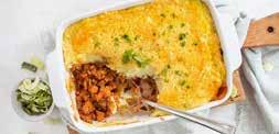 6. Schep het mengsel in een ingevette ovenschaal. Dek de bovenzijde af met de aardappelpuree en bestrooi met kaas.
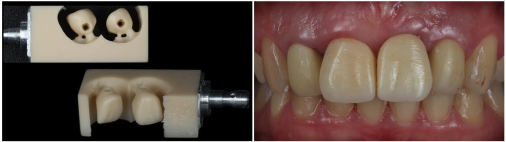 Os provisórios foram confeccionados em PMMA fresado industrialmente por sistema CAD/CAM. O PMMA industrial apresenta maior homogeneidade estrutural, menor porosidade e melhores propriedades mecânicas quando comparado aos materiais autopolimerizáveis convencionais⁶. Tais características favorecem estabilidade temporária, precisão marginal e melhor resposta tecidual (Figura 5).
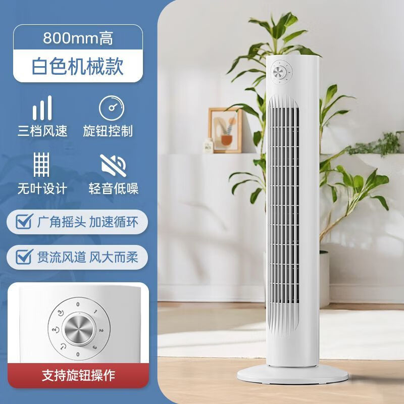四季沐歌(MICOE)MICOE电风扇家用塔扇落地扇摇头无叶塔式卧室遥控宿舍静音电扇 白色基础款[800mm]儿童房推荐
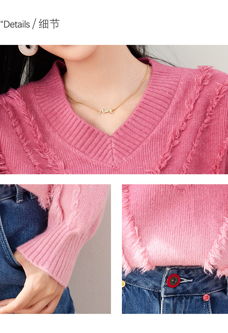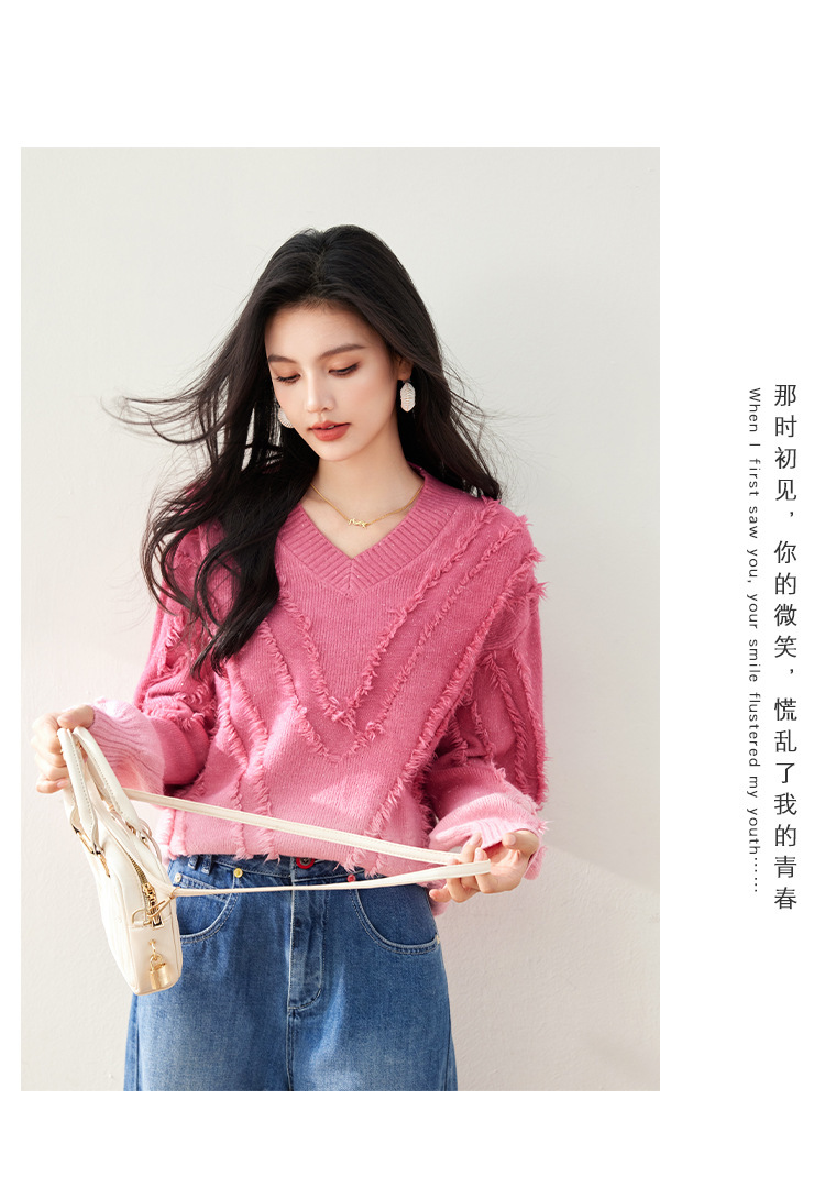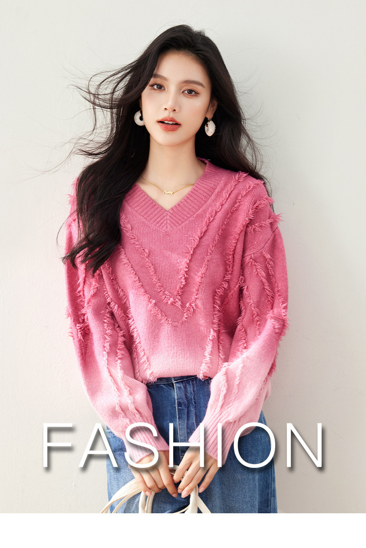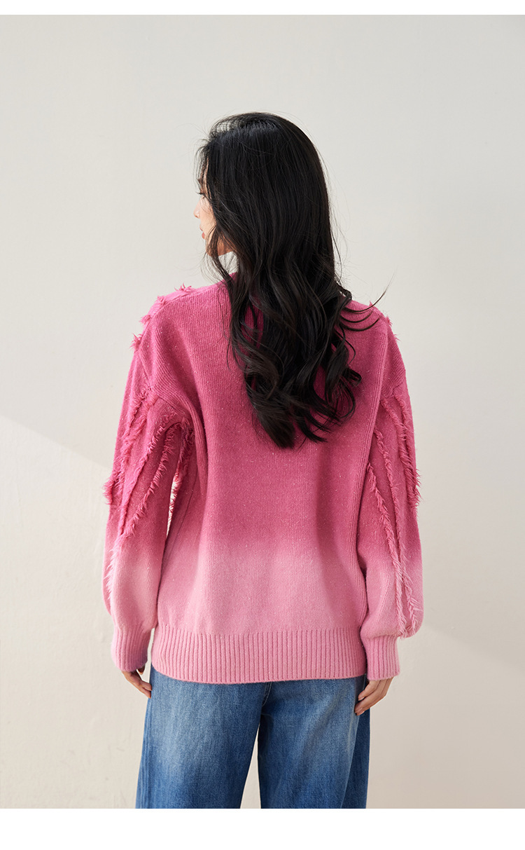 *o-ha-you*【FLKO30530】秋季舒適微胖mm漸變色慵懶風V領毛衣冬季新款寬鬆顯瘦針織衫
====
* _Activity_
Write out the listing above again, exactly, but with no pictures in the copy.

* _Finished task_
 6. Schep het mengsel in een ingevette ovenschaal. Dek de bovenzijde af met de aardappelpuree en bestrooi met kaas.
 Os provisórios foram confeccionados em PMMA fresado industrialmente por sistema CAD/CAM. O PMMA industrial apresenta maior homogeneidade estrutural, menor porosidade e melhores propriedades mecânicas quando comparado aos materiais autopolimerizáveis convencionais⁶. Tais características favorecem estabilidade temporária, precisão marginal e melhor resposta tecidual (Figura 5).
四季沐歌(MICOE)MICOE电风扇家用塔扇落地扇摇头无叶塔式卧室遥控宿舍静音电扇 白色基础款[800mm]儿童房推荐
 *o-ha-you*【FLKO30530】秋季舒適微胖mm漸變色慵懶風V領毛衣冬季新款寬鬆顯瘦針織衫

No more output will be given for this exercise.